Methodology

How we measure

We run a nightly harness against our internal 21,702-document corpus. When the numbers move, this page moves.

Last measured: May 19, 2026.

We publish what the nightly harness reports. When it improves, we update. When it regresses, we say so.

Today's numbers

Metric	Value	Note
NDCG@10 (hybrid retrieval)	0.332	+36% over BM25 (0.244), +37% over semantic (0.242) — on our 21,702-doc nightly
Latency p50	218 ms	understanding_boost stage
Documents indexed	21,702	nightly corpus
Entities resolved	38,066	from entity-resolution pipeline
Facts extracted	102,417	across 8,932 distinct predicates
RIGOR invariants	22 (R0–R21)	all green on most recent nightly
MCP tools	618	shipped surface

How we read these

The corpus is real production data — the Condor Immoprojekt design-partner deployment plus the author's personal archive, disguised. It is not a synthetic golden set; it is the same documents Doxwell runs on every day. The harness rebuilds the same set of 21,702 documents after every meaningful index change, runs the full retrieval matrix, and writes a dated report.
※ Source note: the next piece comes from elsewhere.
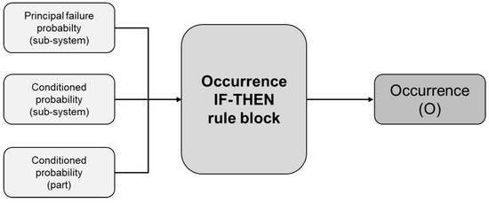 In particular, the inference rule block adopted in the analysis follows the principle of Fuzzy Associative Map inference (FAM) able to guarantee different degrees of support for the relative importance of probabilities in the rule development. The rule-block aggregation overcomes the limitations of a simple mathematical product, supporting an in-depth analysis of failure propagation, still following a systematic perspective. The obtained index, i.e., Occurrence (O), represents one of the three coefficients of the FMECA (see Figure 1), and follows the qualitative scale already presented in Table 1. Therefore, the qualitative parameters in Table 1 remain always valid, and Table 1 even allows associating specific failure rate (if any) with the same scores.

The numbers in the table above are what the harness emitted on May 19, 2026. When a new nightly produces meaningfully different numbers, the measuredAt date on this page moves with them.

Where we know there's room

We publish these because they are the design space we're actively working in — every nightly run measures whether we've closed the gap.

Entity coreference at long range (cross-document, >5 sources)
Multilingual delta on de-DE corpora vs en-US
Thread-splitting recall — current precision/recall trade-off documented

The tooling we built to ship this

Shipping a 21,702-document engine with one developer required tooling that didn't exist. We open-sourced the parts that turned out generally useful and kept domain-specific internals private. Both lower the cost of moving fast without losing track.

Open source

Permissively licensed, on github.com/faxik.

codebugs
faxik/codebugs ↗

AI-native finding tracker. SQLite + MCP server. Where we record every defect, refactor question, and architectural decision for triage.
duphunter
faxik/duphunter ↗

AST-driven near-duplicate detector for Python. Keeps the codebase from accumulating subtle copy-paste drift.
smart-approve
faxik/smart-approve ↗

Rule-first, AST-aware permission hook for Claude Code's Bash tool. Lets a human stay out of the loop for safe operations.
git-split
faxik/git-split ↗

Split files while preserving git-blame history. Used during refactors that lift shared modules out of monoliths.

Private tooling

Internal tools coordinate parallel worktrees, route MCP servers per project, and orchestrate multi-agent codebase work. Domain-specific; less generally useful; not (yet) open-sourced.

Tests

Over 27,000 tests across the engine repositories (27,995 collected on the most recent sweep). The nightly harness runs them all before publishing the numbers above. If they don't pass, this page doesn't update.

Replication and verification

A public BEIR / FinanceBench replication is on our roadmap.
The corpus is private (design-partner NDA).
The harness scripts live in our autosorter repo.
We can run the harness against a customer-supplied corpus under pilot agreement — see /pricing.

Versions

Doxwell 1.0 "Happy Birthday"

Released released April 25, 2026

First public release. Installers for Linux / macOS / Windows. Signed binaries with minisign.

Doxwell 1.1

Nightly testing

In nightly testing: improvements to entity coreference, multilingual delta, thread-splitting recall. No commit date.

Doxwell 1.2

Design phase

Design phase. Scope not yet committed.

We don't commit to deltas from upcoming versions. We commit to publishing the numbers when they land.